Gautier e Thelma reforçam a necessidade da presença do roteirista ao longo das etapas. "No mercado estrangeiro é comum, por exemplo, que roteiristas acompanhem o set de gravação de seus respectivos episódios. Isso é feito para que caso haja qualquer tipo de alteração, desde uma frase do diálogo até a existência de um objeto de cena, a narrativa se mantenha intacta e continue fazendo sentido. Essa prática no Brasil é inimaginável e raramente acontece", diz Gautier. "Não quero dizer que o autor deva ser um controlador, mas acho importante ele ser chamado para acompanhar as etapas de sua obra. Ser ouvido, quando há problemas ou decisões importantes a serem tomadas, sobretudo no que diz respeito à narrativa. Se um episódio da série – ou capítulo, no caso da novela – ficou grande, por exemplo, quem melhor para apontar o que pode ser cortado ou passado para outro momento? Quem conhece melhor que todos aquela história que foi criada e escrita por ele? Outras questões são de ordem da direção e da produção e não acho que a gente tenha que se intrometer. Mas a estrutura da narrativa, a psicologia dos personagens, tudo o que faz parte do universo narrativo deveria ser da competência do autor", completa Thelma. 

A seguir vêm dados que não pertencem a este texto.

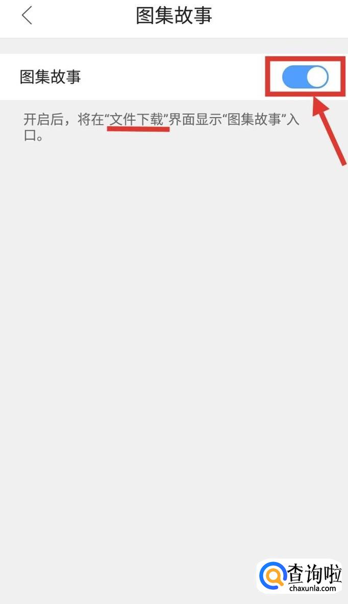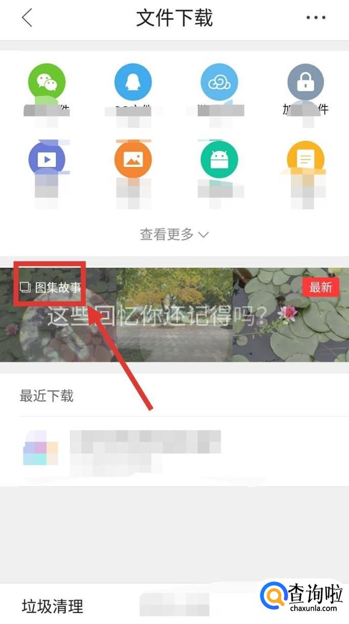 开启图集故事这个功能之后,根据它的提示,图集故事这个功能在文件下载里面。
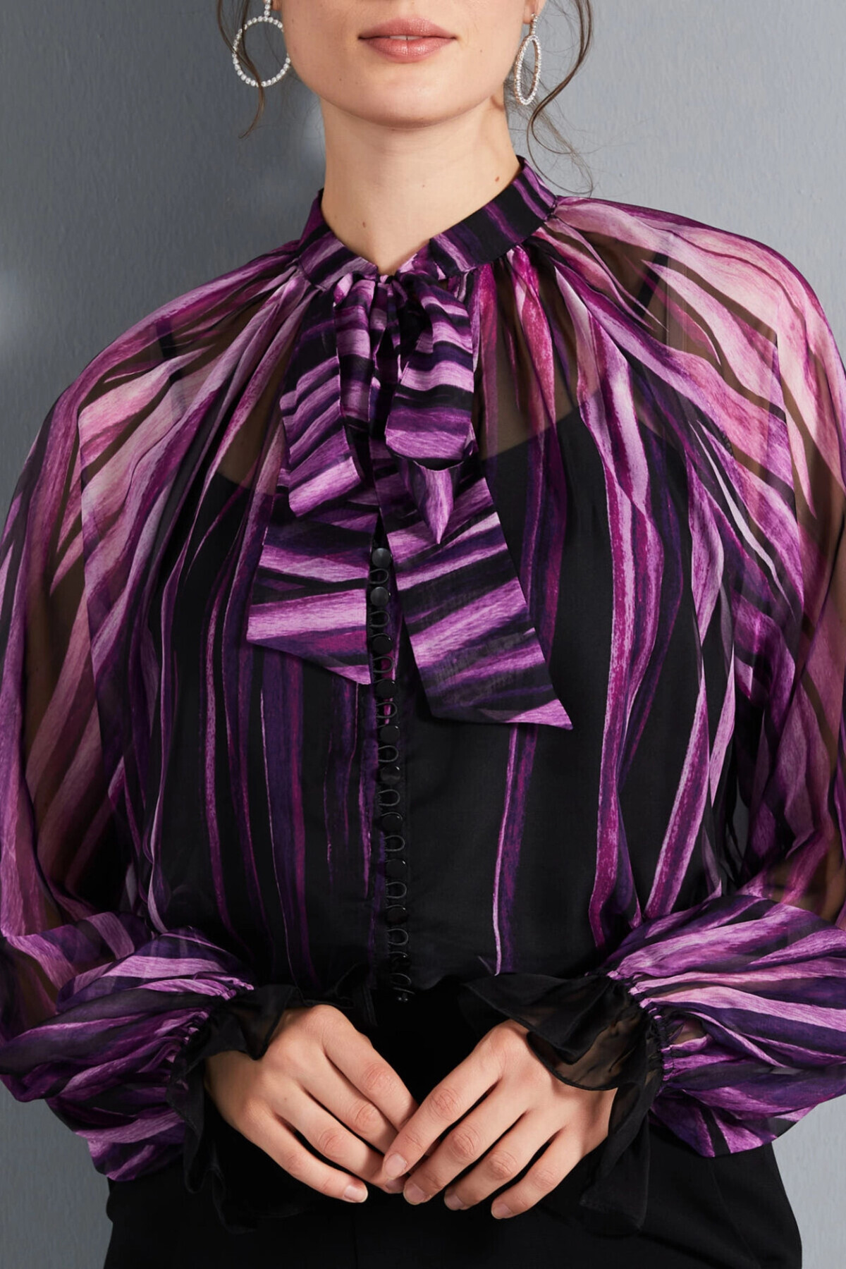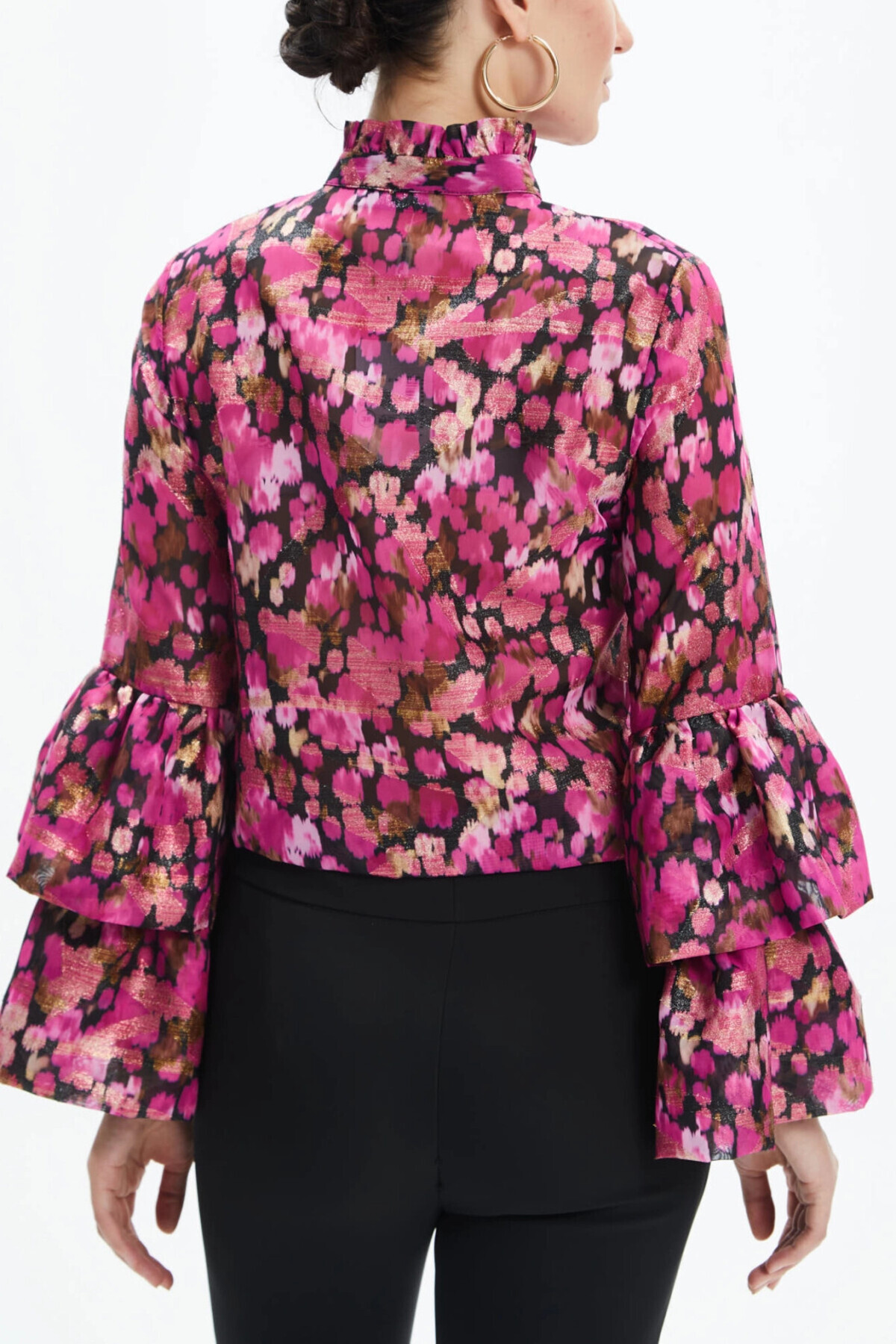 Çiçek Desenli Volan Kollu Fırfırlı Yaka Şifon Fuşya Gömlek 39282 Çiçek Desenli Volan Kollu Fırfırlı Yaka Şifon Fuşya Gömlek 39282 2420139282-320 44
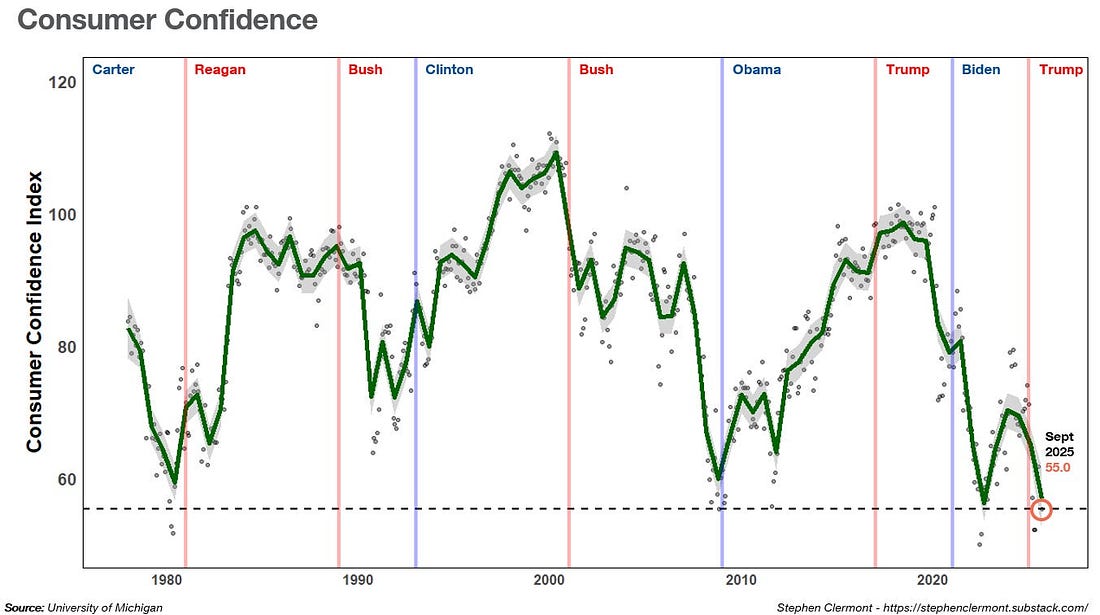 As I mentioned on Thursday this week we even saw credible, independent polls with Trump is negative territory on crime and border security. Here’s our weekly look at the unraveling of Trump’s 2024 coalition: Reupping the graph from our Stephen Clermont that tracks the U of Michigan Consumer Sentiment survey over time. Their Friday report found a big drop in consumer sentiment these past few weeks, consistent with the bad inflation and jobs data we’ve been seeing. In this survey consumer sentiment is now lower than any point in the last 50 years: Trump is weak, not strong. A failure, not a success. A loser, not a winner. An old ailing man, not a virile one. A villain, not a hero. And a clear sign of his weakness and decline is his inability, despite their extraordinary information superiority, to bring the country along with him on the things that matter most. It’s a sign of how his powers are ebbing, why he has been so manic and desperate of late - for the country is growing more distant from him - and why we have to keep working as hard as we can. For those in DC there is a Stand Up For Science rally on Wednesday at 8am downtown. Register here and invite your friends! For those in Virginia early in person voting begins this Friday, and I am encouraging everyone reading this to vote as early as you can. When you vote early your name comes of the GOTV rolls for the Virginia campaigns. This allows them to move on faster to lower propensity voters, which then drives up overall Dem turnout. Voting early - Fri, Sat, Sun - helps create a sense of “hey, everyone is voting” which encourages others to vote early and helps us create what we’ve called here “a virtuous cycle of participation” which increases our turnout and makes it more likely we win. Voting early increases Dem turnout and makes it more likely we win - so vote early good people of Virginia! Now, Let’s Get To Work Everyone!Support Our November, 2025 Candidates
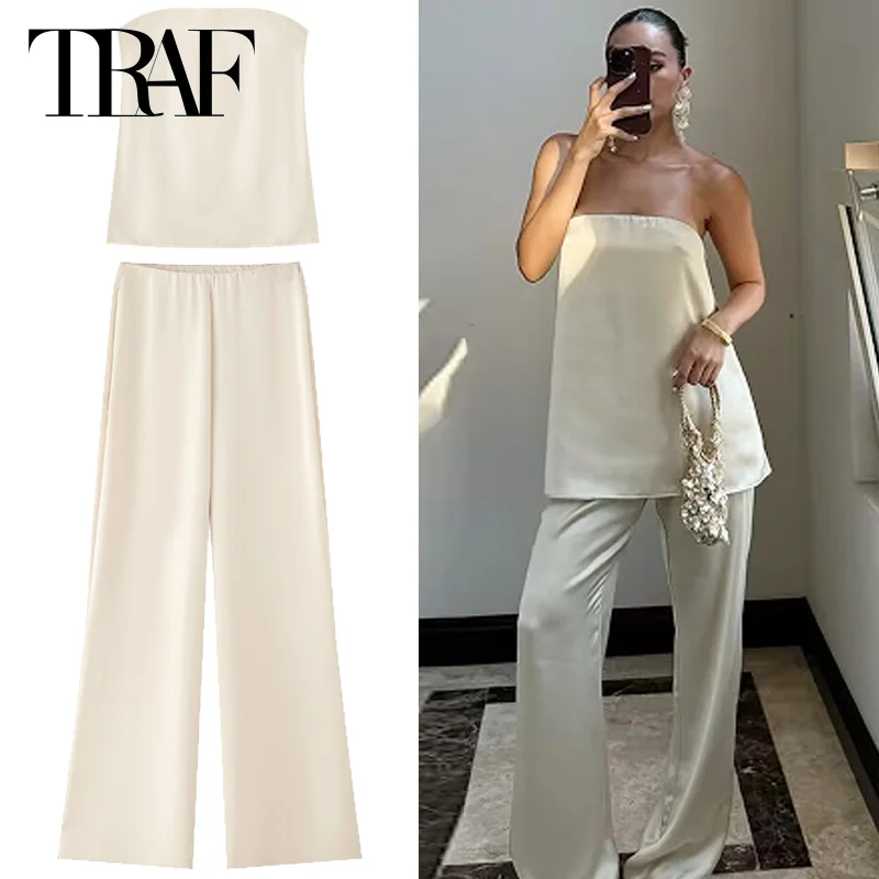 HXAO 2025 Off White Satin Pant Sets Women’s Suit Off Shoulder Strapless Top Vest Set 2 Piece Woman Chic High Waist Trousers Sets
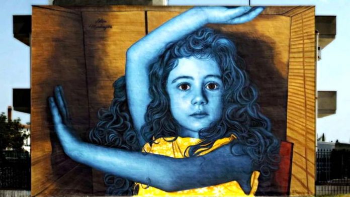 Mural of a little girl on the side of a building wall in Stornara, Italy. In the mural, her skin is tinted blue, she has wavy hair and she is wearing a yellow dress, with one hand over her head and one across her body, seemingly within a box
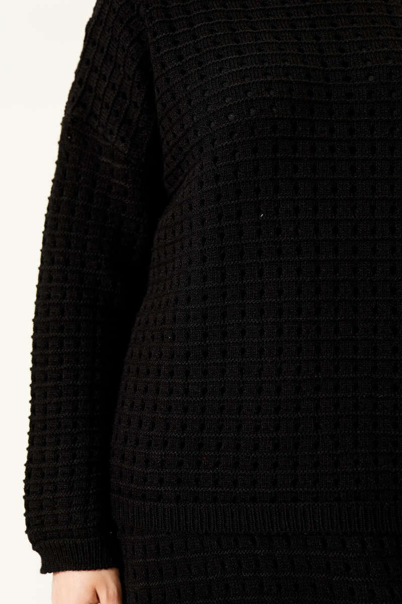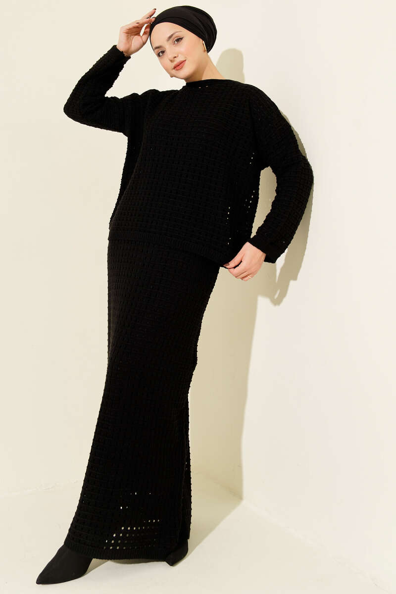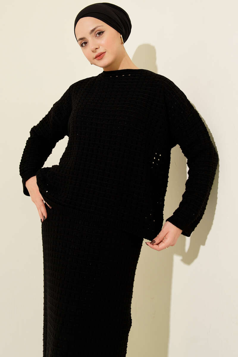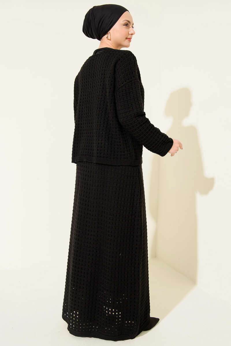 Taşlı Baklava Desen Triko İkili Takım Siyah
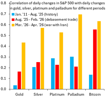 布鲁克斯接着分析了最近的抛售。“上图显示了标普500指数每日变化与各种贵金属及比特币每日变化的相关性,”他说。“蓝色柱状图是2011年1月1日至2025年8月21日的相关性。红色柱状图是2025年8月22日至2026年2月27日的相同数据。橙色柱状图则是过去六周战争期间的数据。”
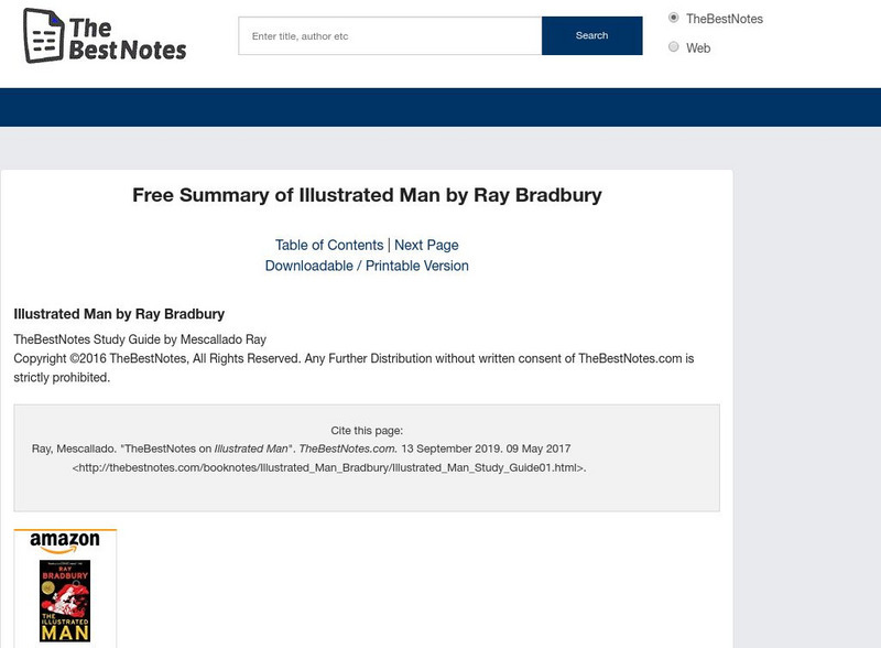 This is a complete online study guide/notes for the short story collection Illustrated Man by Ray Bradbury including author information, literary elements, chapter-by-chapter summaries/notes, study questions, and analysis.
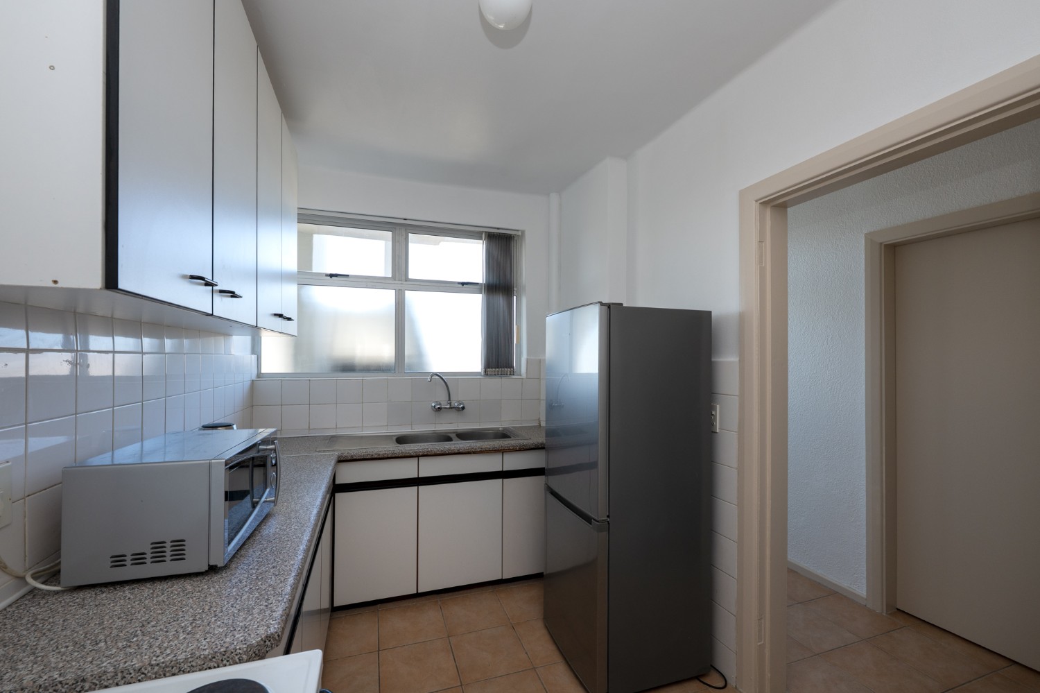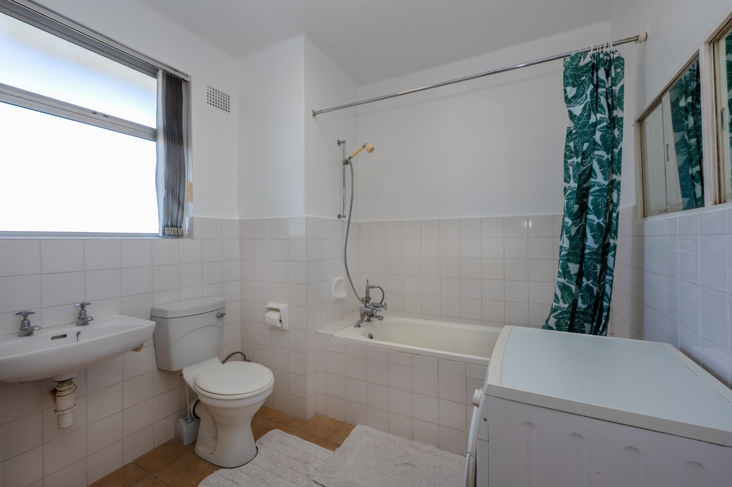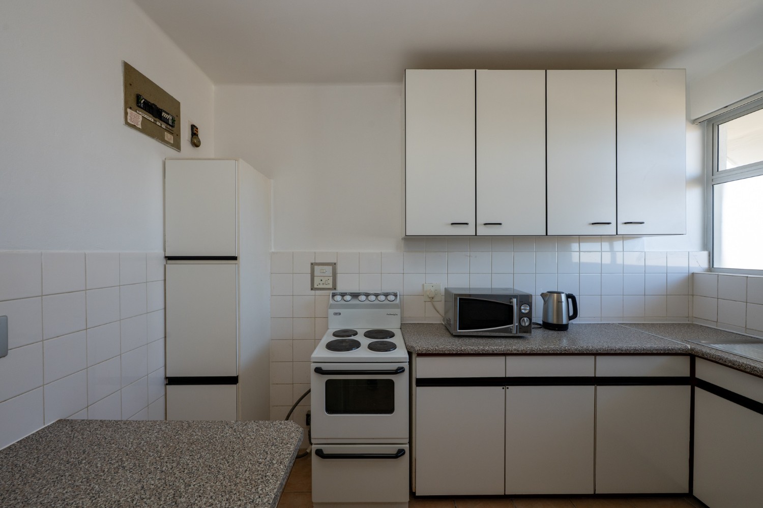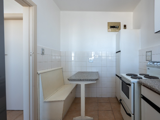 The apartment is exceptionally well-kept. The open-plan layout maximises space and natural light, while the kitchen and bathroom, complete with a shower over bath, basin, and toilet, are practical and functional.
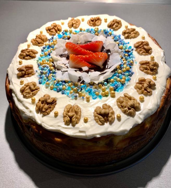 Recept jsem si trochu upravila,ořechy jsem nasekala,k bodu 6 jsem se nedostala 😆,zakončení cheescaku udělala po svém,množství surovin na formu 24cm neodpovídá,ale to každému dojde během přípravy,že je třeba lehce improvizovat😉

"A entrada da Joelma Gonzaga na SAV e a eleição da regulação do VOD como pauta prioritária é um aceno para essa discussão que perpassa pela garantia e ampliação desses direitos"

Maíra Oliveira (Foto: Thaís Ramos)

Novo Governo 

É unânime entre os profissionais que a mudança de governo trouxe um cenário mais favorável para as mudanças desejadas. "A entrada da Joelma Gonzaga na Secretaria do Audiovisual e a eleição da regulação do VOD como pauta prioritária é um aceno para essa discussão que perpassa pela garantia e ampliação desses direitos, no novo contexto onde as plataformas se fazem tão presentes", analisa Maíra. "Mas pensando em autonomia, é ainda mais importante a criação e ampliação de editais focados em desenvolvimento, como aqueles já anunciados pela Ministra Margareth Menezes, e outros que reconheçam a pessoa roteirista como capital intelectual imprescindível para todo e qualquer projeto audiovisual, com um sistema de pontuação, por exemplo, que reflita essa importância. Essas e outras iniciativas só serão possíveis em uma parceria da sociedade civil, representada pelas entidades como ABRA, APAN e outras, com o Ministério da Cultura, como já vem se desenhando", acrescenta. 

"O retorno do Ministério da Cultura como pasta própria e independente, assim como a injeção de R$ 3,8 bilhões com a Lei Paulo Gustavo são formas de fortalecer o audiovisual brasileiro. Com mais verba é possível criar e produzir mais obras. Com mais obras sendo produzidas, surge a necessidade por mais profissionais que terão um maior poder de escolha, inclusive o poder de escolher trabalhar em suas próprias obras ou terceirizar seus serviços e talentos para canais e plataformas, e isso fortalece a classe como um todo. Ou seja, a partir das proposta apresentada pelo novo governo é possível fortalecer a classe como um todo e vislumbrar um futuro onde roteiristas terão mais força para ter seus direitos garantidos e seus talentos reconhecidos e devidamente remunerados", conclui Gautier.